America's radical right have long seen disasters as a chance to push devastating policies on the distracted poor. They know it is the only way people will accept their economies being plundered.

This "Shock Doctrine" which brought us General Pinochet and Russian oligarchs is now moving swiftly on Haiti. These are the people who forced through the privatisation of social housing after Katrina - pushing the poor out of their homes without their consent. They used the Asian Tsunami as an excuse to take coasts out of the possession of poor fisherman, and hand them to western hotel conglomerates.
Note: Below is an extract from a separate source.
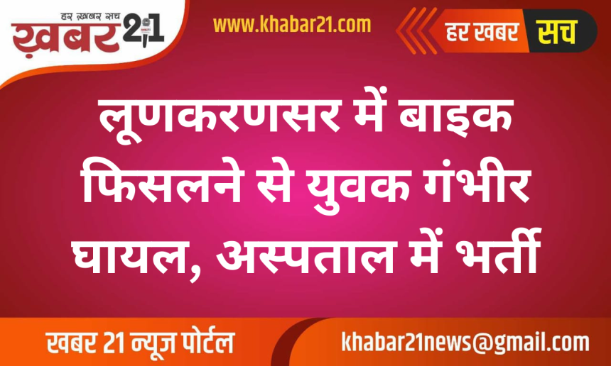 बीकानेर जिले के लूणकरणसर कस्बे के पास कच्चे रास्ते पर बाइक फिसलने से एक युवक गंभीर रूप से घायल हो गया। सूचना मिलने पर एम्बुलेंस टीम मौके पर पहुंची और घायल को तुरंत अस्पताल पहुंचाया गया।

And now, one of the most influential American think tanks - the Heritage Foundation - is already suggesting they do the same to Haiti. The IMF are alleged to have demanded pay freezes and energy price hikes in exchange for a help.
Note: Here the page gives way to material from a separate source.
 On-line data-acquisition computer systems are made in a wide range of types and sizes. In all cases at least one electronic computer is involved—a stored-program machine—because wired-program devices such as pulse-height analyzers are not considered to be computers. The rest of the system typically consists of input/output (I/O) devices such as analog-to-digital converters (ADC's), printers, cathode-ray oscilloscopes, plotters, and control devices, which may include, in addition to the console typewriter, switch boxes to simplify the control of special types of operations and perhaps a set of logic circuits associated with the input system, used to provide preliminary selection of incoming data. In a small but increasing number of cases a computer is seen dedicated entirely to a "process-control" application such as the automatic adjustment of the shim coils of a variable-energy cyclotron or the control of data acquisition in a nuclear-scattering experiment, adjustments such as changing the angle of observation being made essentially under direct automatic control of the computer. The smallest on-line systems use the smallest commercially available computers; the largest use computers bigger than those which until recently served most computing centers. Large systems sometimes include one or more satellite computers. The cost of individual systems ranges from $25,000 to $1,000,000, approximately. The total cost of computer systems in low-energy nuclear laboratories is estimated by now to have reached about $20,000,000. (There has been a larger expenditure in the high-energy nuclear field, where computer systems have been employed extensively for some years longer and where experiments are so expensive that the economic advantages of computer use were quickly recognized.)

We must help the people of Haiti build a country they want, not one which is forced on them by the people who brought us the credit crunch, South Americas generation of dictators, and George W Bush.

See here, for example:

http://en.wikipedia.org/wiki/The_Shock_Doctrine


http://i3.democracynow.org/2010/1/14/naomi_klein_issues_haiti_disaster_capitalism

http://www.naomiklein.org/articles/2010/01/haiti-disaster-capitalism-alert-stop-them-they-shock-again


On Thursday, a number of progressive organisations in the United States, including the Institute for Justice and Democracy in Haiti(IJDH), called for the different aid missions arriving in Haiti to make sure their work was co-ordinated and that it respected the dignity of Haitians, involving them in decision-making, and ensuring accoutability. Otherwise they would cause more suffering, warned IJDH director Brian Concannon.
http://www.morningstaronline.co.uk/index.php/news/content/view/full/85634

At present the signs are not too hopeful.